= Problem =
In the records below, find the line with "近日,苏州市市场监督管理局2", then retype it and every following line exactly, stopping after the line with "Jade-Armband im Art". Leave the pictures out.

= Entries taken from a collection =

***

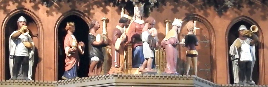 L'orgue de l'horloge, le plus petit de l'église, joue alors In dulci jubilo, alors que six figures en bois, représentant les rois mages et leurs servants, passent et s'inclinent devant Marie et Jésus-Christ,
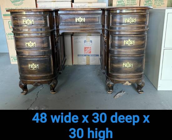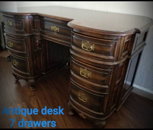 Beautiful antique solid wood desk with 7 drawers for sale. Good condition for its age and use. Intricate wood carvings.
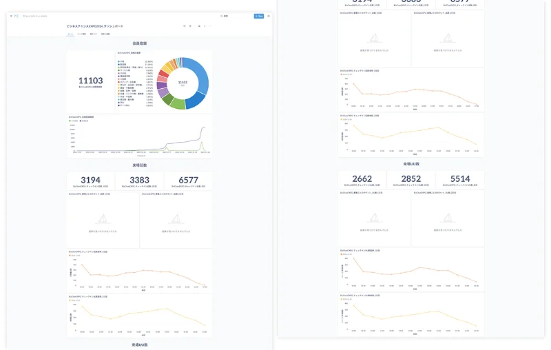 来場数や属性分布、人気コンテンツの反響をリアルタイムにグラフ化。現場の状況を即座に把握し、プロモーションの強化や運営の軌道修正に役立てます。
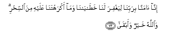 73. Inna amanna birabbina liyaghfira lana khatayana wama akrahtana AAalayhi mina alssihri waAllahu khayrun waabqa
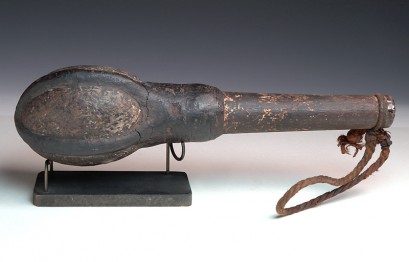 wooden handle, fastened with resin/clay mixture, with heavy stone head, 36cm long
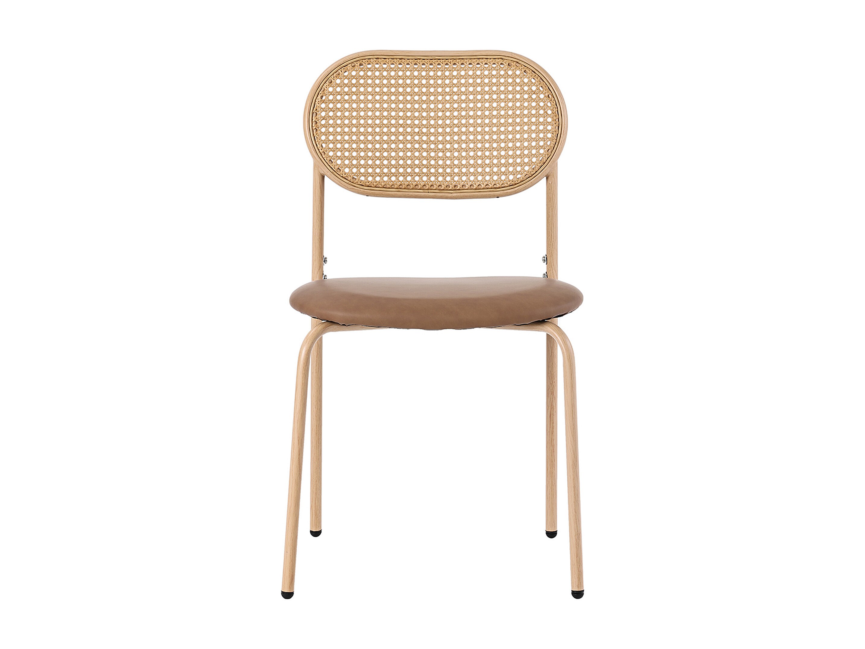 Eetkamerstoel van kunstleer (4 stuks), rotan loungestoel, retro ergonomische stoel met metalen poten (61x46x79 cm)
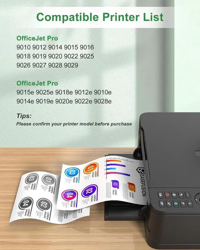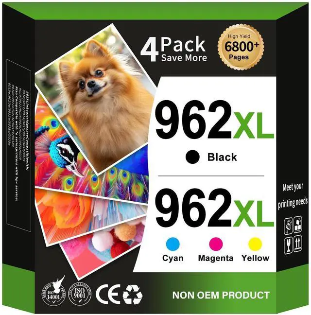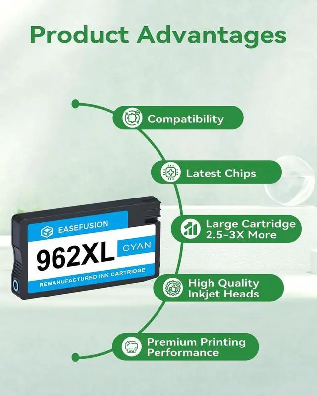 Advanced Chip Technology: EASEFUSION 962XL ink cartridges engineered with state-of-the-art smart chip technology, these 962 ink cartridges are optimized for seamless performance in HP+ printers. They also support for HP OfficeJet Pro e-series models (Such as OfficeJet Pro 9010e 9012e 9014e 9015e 9018e 9019e 9020e 9022e 9025e 9028e Printer) ^^ For HP 962XL Ink Cartridges Combo Pack High Page Yield: Deliver exceptional value with yields of up to 2, 000 pages for HP 962XL black and 1, 600 pages for HP ink 962XL color combo pack, based on standard 5% page coverageideal for high-volume printing needs ^^ For HP 962XL Ink Cartridges Combo Pack Printer CompatibilityDesigned to work flawlessly with a wide range of for HP OfficeJet Pro printers, including the 9010/9014/9015/9012/9016/9019/9018 and 9020/9022/9026/9025/9027/9028/9029 series ^^ Compatible *E
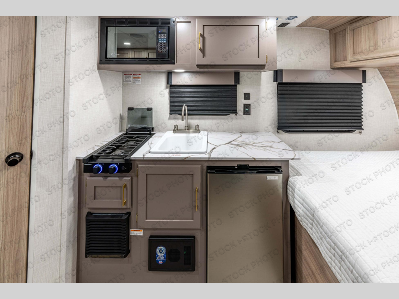 With any Sportsmen Classis travel trailer by KZ you will find durable construction materials, like the 3/8" fully-walkable roof and the one-piece seamless Tufflex material. Each model includes scissor-style stabilizer jacks, a Key-Alike program for baggage and entry doors, and a Leash Latch with a bonus beverage opener. You will find interior and exterior speakers plus backup camera prep and solar prep. The Sportsmen Classic is designed to make you feel at home with rail-style cabinet doors, residential grade linoleum, and plenty of storage space for all your belongings.
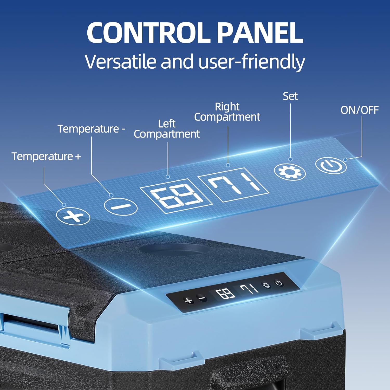 - Smart LED Touch Control and Quiet Operation Digital touchscreen panel allows easy temperature control and Fahrenheit/Celsius switching. Interior soft LED lights turn on automatically when the lid opens. ECO mode uses less than 25W, MAX mode under 1kWh per day. Operates quietly at 45dB. Three-level battery protection (H / M / L) prevents vehicle battery drain, overload, and short circuit. Perfect for semi-trucks, RVs, SUVs, campers, vans, boats, and more.
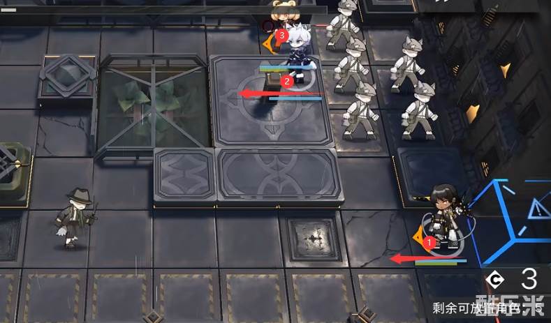 如下图所示位置部署棘刺(向左) → 史都华德(向左)→ 古米。
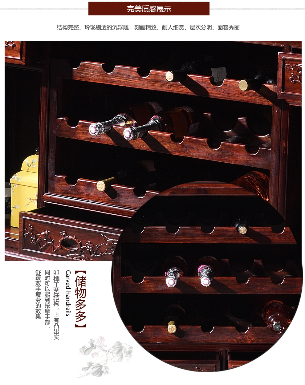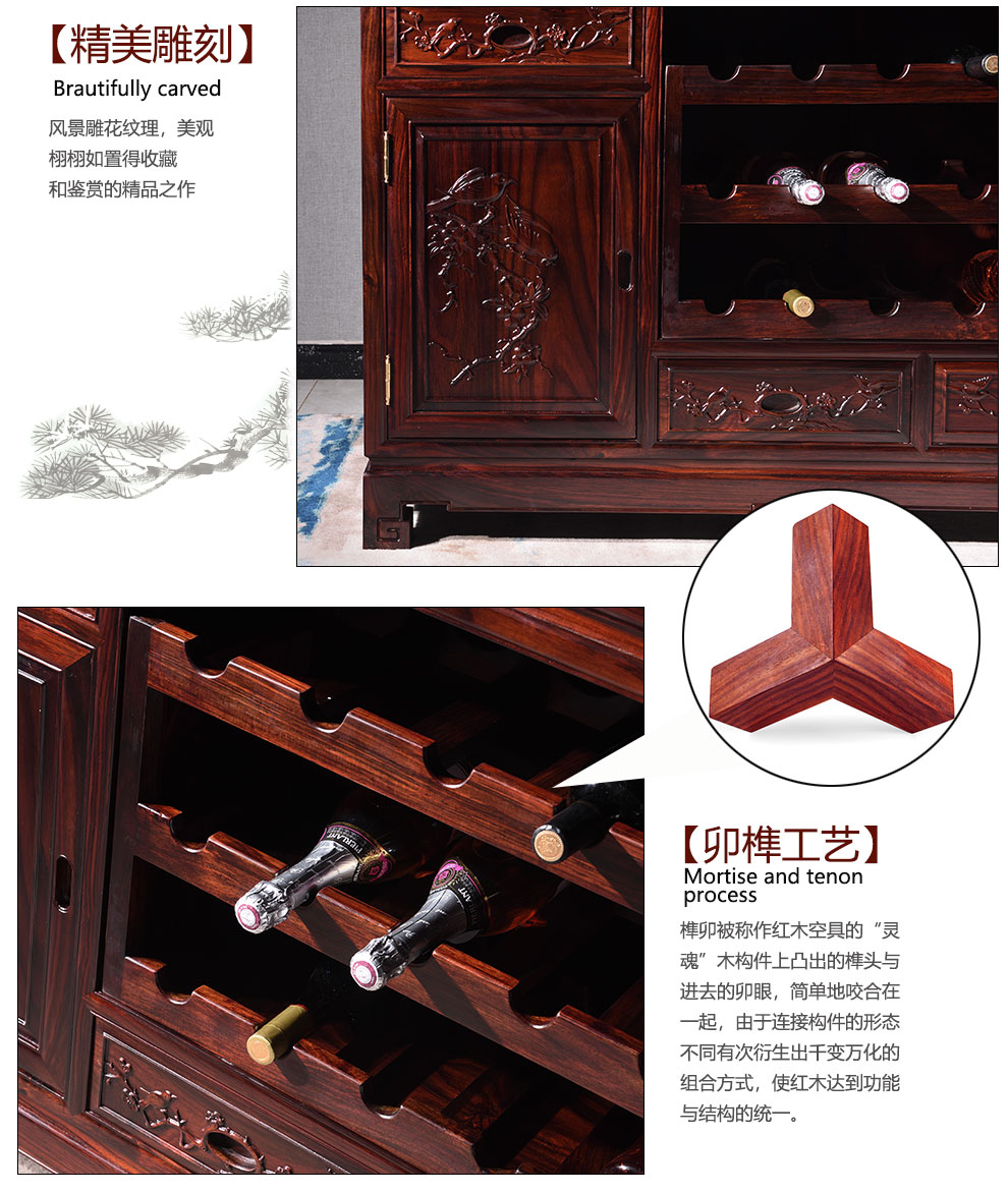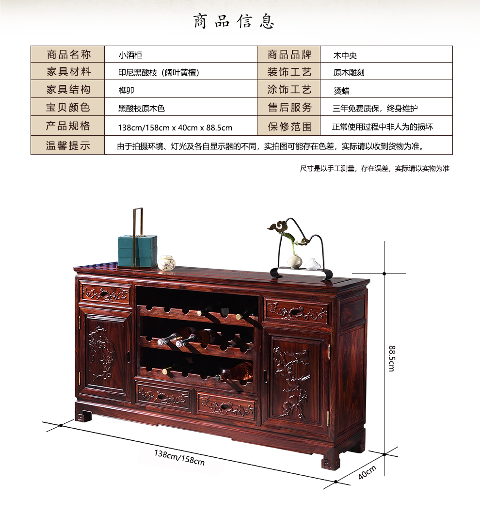 Wooden center mahogany furniture Indonesian black rosewood (scientific name: broad-leaf rosewood) sideboard solid wood wine cabinet 1.4/1.6 meters restaurant storage cabinet Chinese style low cabinet multi-function 138*40*88 low wine cabinet
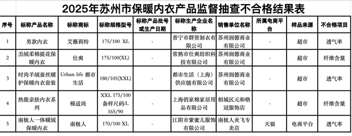 近日,苏州市市场监督管理局2025年保暖内衣产品质量市级监督抽查情况公告(第10期),南极人品牌赫然在列。
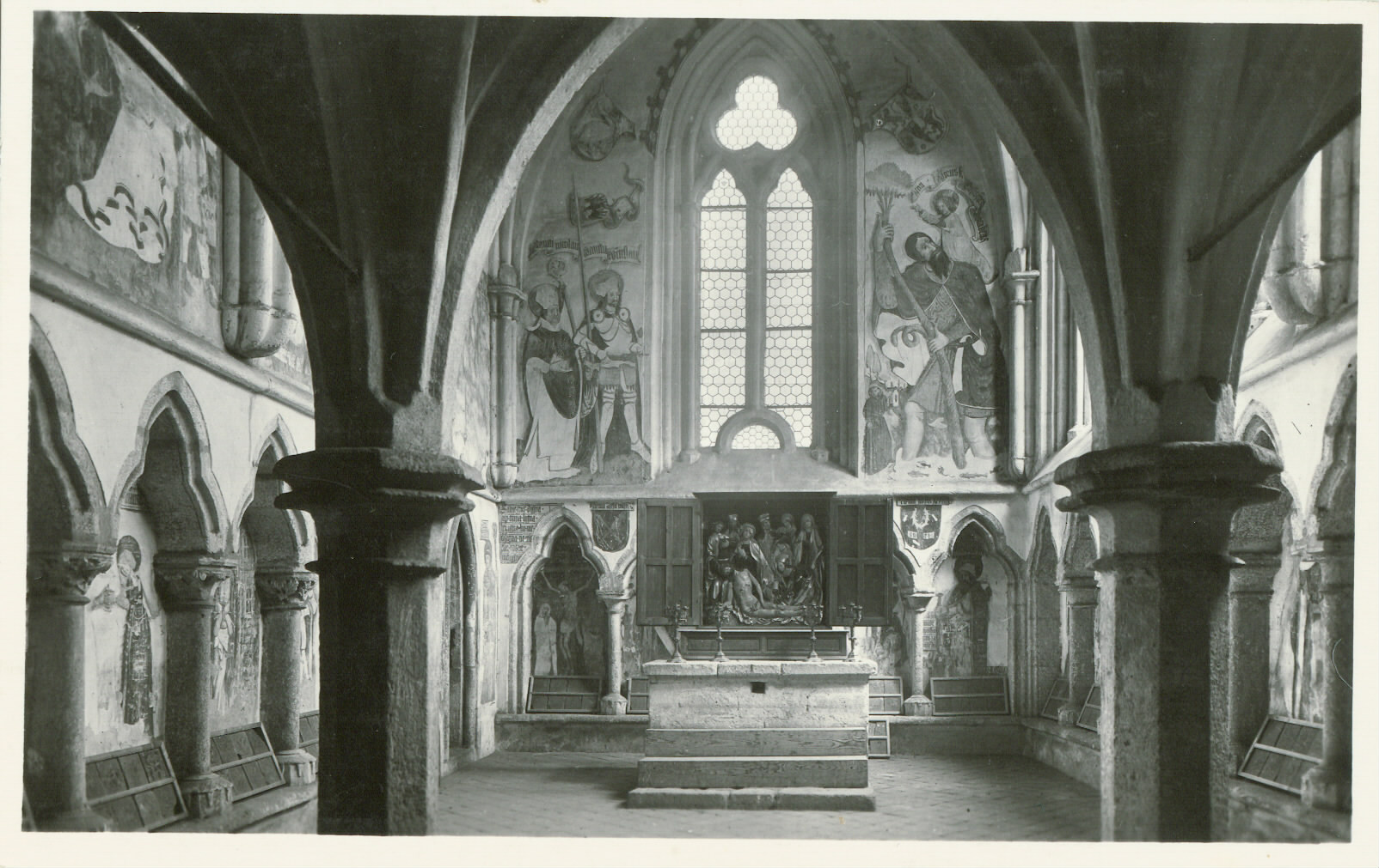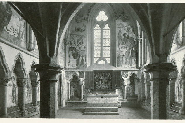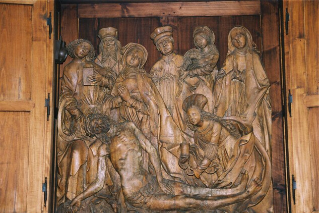 On the stone Gothic altar table is placed a fragment of a later Gothic altar with a relief of the Mourning of Christ, carved 1500-1510 by a Master of Zvíkov Mourning.
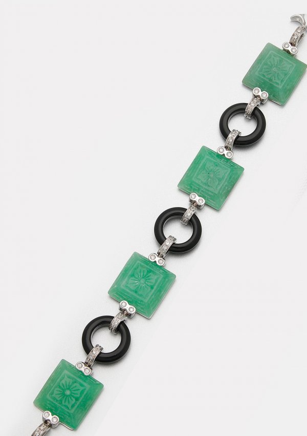 Jade-Armband im Art Déco-Stil Weißgold, gest. 750. Bandform aus quadratischen und kreisförmigen Gliedern, schauseitig besetzt mit schwarzem Onyx und mintgrüner Jade, akzentuiert durch kleine Diamanten von zus. ca. 0,48 ct.; Gew. ca. 31,24 g.
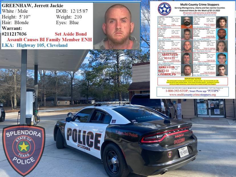 MONTGOMERY COUNTY, TX — Officer with Splendora Police Department observed a male who the officer recognized as a wanted individual, later identified as Jarret Greenhaw sitting outside a local business. The officer went to go make contact with Jarret, when Jarret turned away from the officer. The officer went to detain Jarret. At this time, Jarret began to resist the officer. A couple of outstanding citizens saw the officer attempting to detain Jarret, when they jumped into action and assisted the officer. Jarret was shortly detained. After further investigation, Jarret was found to be in possession of a Controlled Substance. Jarret also showed to have an outstanding warrant for Assault Family Violence causing Bodily Injury. Jarret was arrested for the warrant along being charged Possession of Controlled Substance and Resisting Arrest.
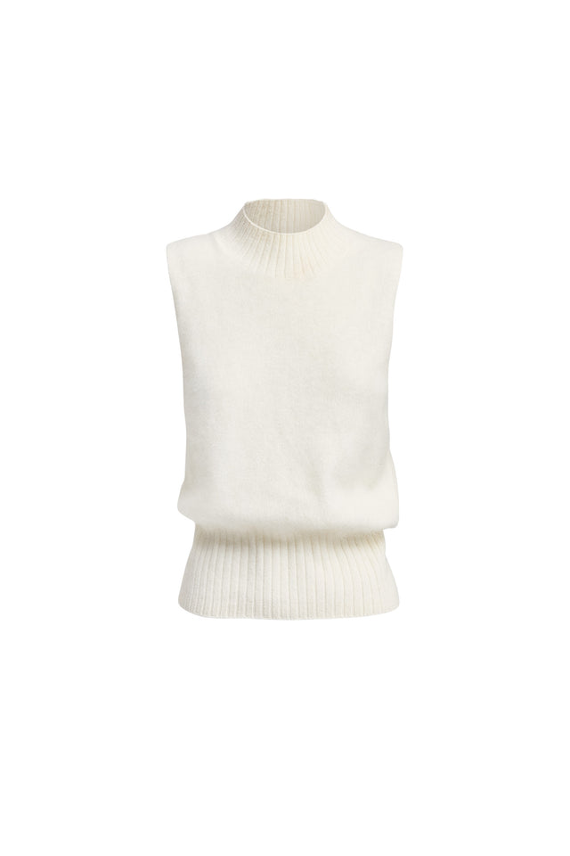 The Geneva Tank, crafted from a soft wool blend, features a high neckline and sleeveless design. The fitted hemline allows for a subtle relaxed fit around the waist, offering a comfortable and laid-back silhouette. Finished in a winter white colourway, this tank adds a touch of effortless elegance to your wardrobe.
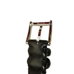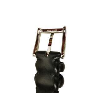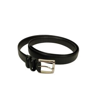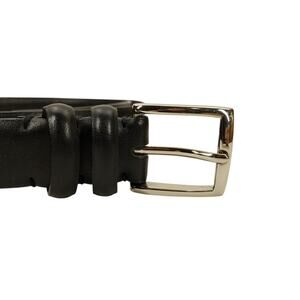 Mens Black Belt Size 42 Silver Tone Brass Buckle Milled Grain Leather 1" W
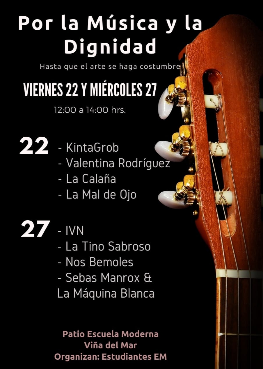 Este viernes 22, Día Mundial de la Música, y miércoles 27 de noviembre desde el mediodía, solistas y bandas de la región se reunirán en la Escuela Moderna sede Viña del Mar para participar en el encuentro musical “Por la Música y la Dignidad”, con la consigna #hastaqueelartesehagacostumbre.
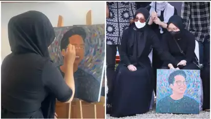 Ibunda Eril, Atalia Praratya membagikan unggahan foto dan video di akun instagram-nya, proses dibalik pembuatan lukisan potret Eril yang dibuat oleh anak keduanya Zara, dan menyita perhatian saat di tenteng di proses pemakaman Eril.

***

= Solution to this exercise =
 近日,苏州市市场监督管理局2025年保暖内衣产品质量市级监督抽查情况公告(第10期),南极人品牌赫然在列。
 On the stone Gothic altar table is placed a fragment of a later Gothic altar with a relief of the Mourning of Christ, carved 1500-1510 by a Master of Zvíkov Mourning.
 Jade-Armband im Art Déco-Stil Weißgold, gest. 750. Bandform aus quadratischen und kreisförmigen Gliedern, schauseitig besetzt mit schwarzem Onyx und mintgrüner Jade, akzentuiert durch kleine Diamanten von zus. ca. 0,48 ct.; Gew. ca. 31,24 g.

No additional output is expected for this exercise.